Symptoms of TIAs mimic those of stroke. These attacks may cause temporary aphasia, numbness, and impairments of speaking, reading, and writing abilities. Dizziness and visual problems, such as blindness in part of the visual field, also occur. Sometimes TIA's are very mild and involve only numbness in a limb, or loss of sight in one eye. Severe TIAs can not be differentiated from a stroke until recovery occurs. I had one patient whose first TIA occurred while he was eating lunch with his wife. She noticed that he had stopped eating and was just sitting there with food falling out of his mouth. He recovered completely within twelve hours. A change of lifestyle after a TIA may prevent a cerebral vascular accident (CVA). Patients should see their doctors about an appropriate exercise and diet program. The doctor may advise a vegan or vegetarian diet which might help prevent an actual stroke
.

RIND or Reversible Ischemic Neurological Defect

Some professionals feel that the term RIND is no longer applicable. That it is really a stroke. A RIND is a lengthy TIA. The term RIND is usually applied to attacks that continue for more than twelve hours without interruption, although some RINDs endure for several days. As is the case with TIAs, patients make a complete recovery from RINDs. (There is some evidence that RINDs do cause some extremely subtle neurological damage, but these minor changes are nothing like the disabilities seen after an actual stroke.)

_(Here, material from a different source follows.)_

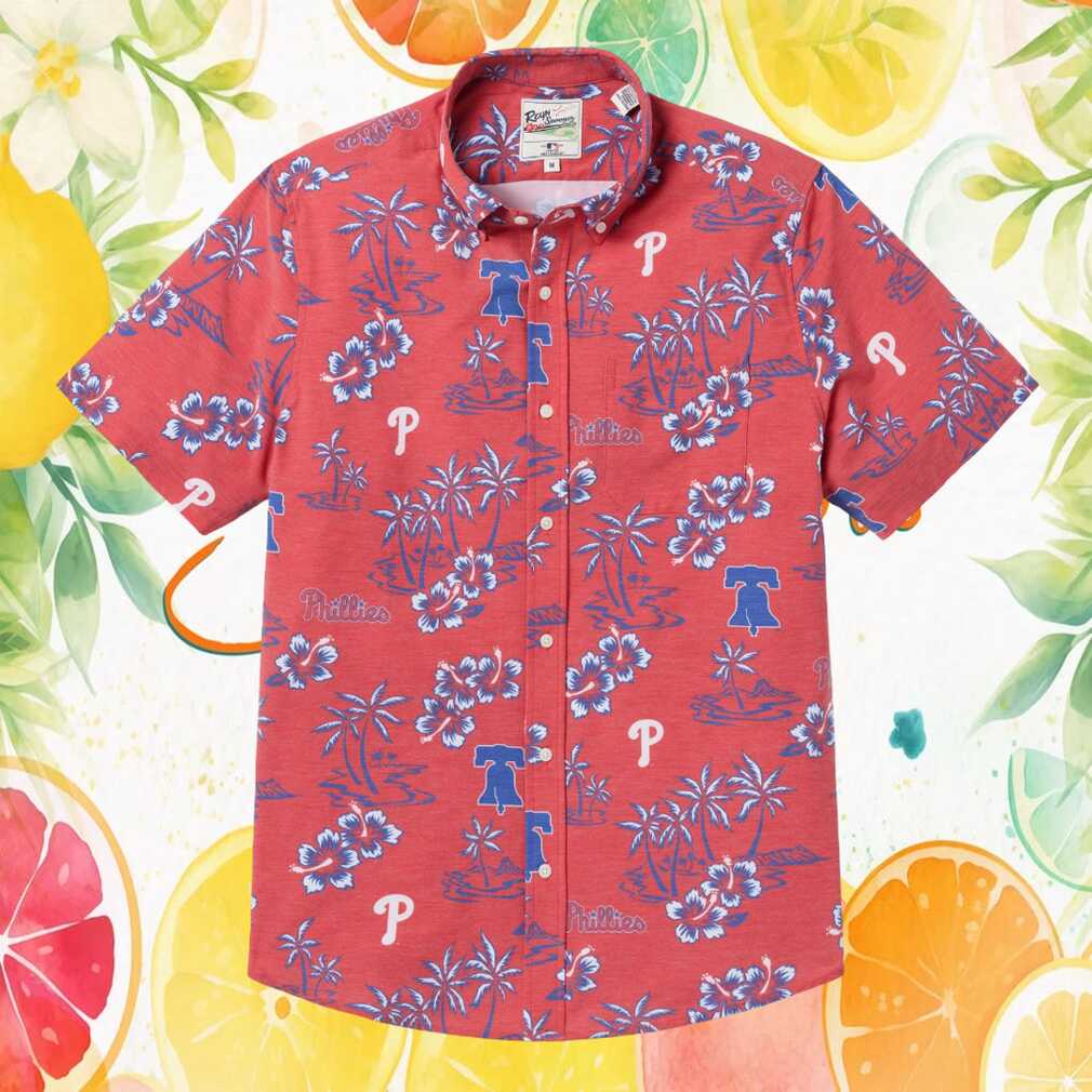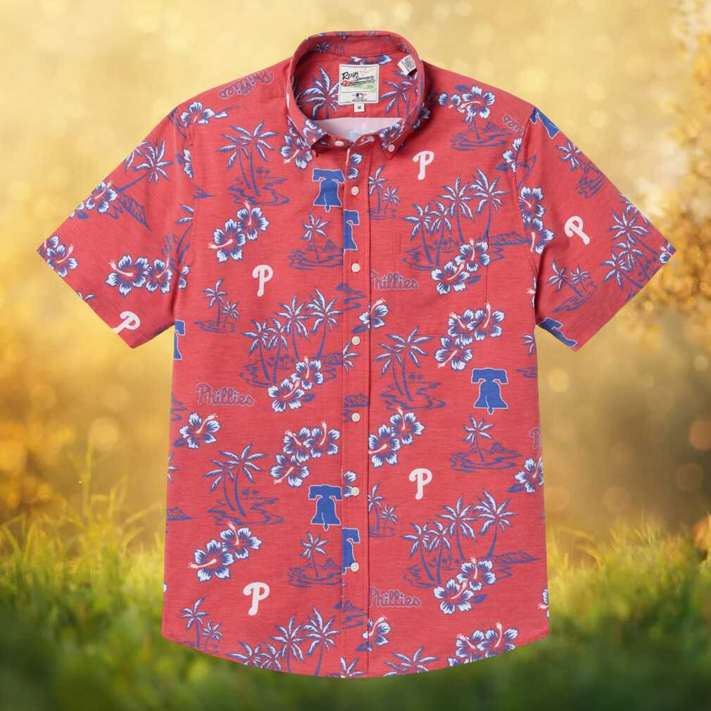 Rep your team in style with this officially licensed Reyn Spooner Philadelphia Phillies Hawaiian shirt. Featuring a stunning hibiscus floral print in red, this button-down shirt blends authentic Hawaiian craftsmanship with passionate MLB fan spirit. Crafted from premium spoiler cloth for a comfortable, relaxed fit perfect for game days, tailgates, vacations, or any casual occasion. A must-have for any die-hard fan.

Sometimes, events that last for twenty-four hours are called TIAs rather than RINDs, so there is some inconsistency in the application of this terminology.

Strokes, TIAs and RINDs are most likely to occur in the morning, when blood pressure is at its lowest. When a person gets out of bed the change in activity level causes a change in blood pressure.

Hemorrhagic Strokes

Hemorrhagic stroke occurs when a cerebral artery ruptures, causing bleeding within the cranium. Such ruptures may be caused by aneurysms or weak spots on the arterial walls. Aneurysms can balloon rather than bursting. The excess pressure resulting from this swelling can also damage brain tissue. The striata artery, a branch of the middle cerebral is quite thin and in some people can rupture easily. Because it takes blood to the internal capsule and basal ganglia a hemorrhage there can damage the axons of descending upper motor neurons (pyramidal tract) or the basal ganglia (nucleus), resulting in weakness or paralysis.

Bleeding due to stroke or TBI can result in hemotoma or pools of congealed blood in the epidural or subdural spaces. The former is usually arterial while the latter is usually venous. Bleeding can also occur within brain tissue. According to Coch and Metter, 1994, this parenchymal bleeding occurs most frequently in the putamen, thalamus, pons and cerebellum. Before the advent of sophisticated scanning technology that allows identification of the affects of light as well as heavy bleeding it was believed that prognosis following hemorrhage was extremely poor. It is now recognized that patients sometimes make a better recovery after a hemorrhagic stroke than an ischemic one. Bleeding, if it is light may irritate brain tissue rather that damaging it. As the brain absorbs the blood the irritated areas may recover completely and normal function is restored.

Strokes can be divided into the categories of completed or progressive.

Completed strokes are the type most commonly seen. In this case the infarction or death of brain tissue has already occurred.

Progressive strokes are those still evolving; meaning that the patient's condition is continuing to deteriorate. Progressive strokes can last for a week or more. This condition is usually due to a severe hemorrhage.

If called in to evaluate a patient with this diagnosis, the speech/language pathologist should test the patient, but explain in the report that major changes could occur shortly. Particular caution should be used when evaluating the swallowing status of such a patient. He/she may be able to swallow safely initially, but develop dysphagia later as his/her condition worsens. Also, progressive strokes tend to happen to people who have very poor cerebral vascular health and are therefore at risk for having other strokes soon.

 

 


Other courses in the Neuroscience on the Web series: next
CMSD 620 Neuroanatomy | CMSD 636, Neuropathologies of Language and Cognition

Copyright, 1998-2013. Patrick McCaffrey, Ph.D..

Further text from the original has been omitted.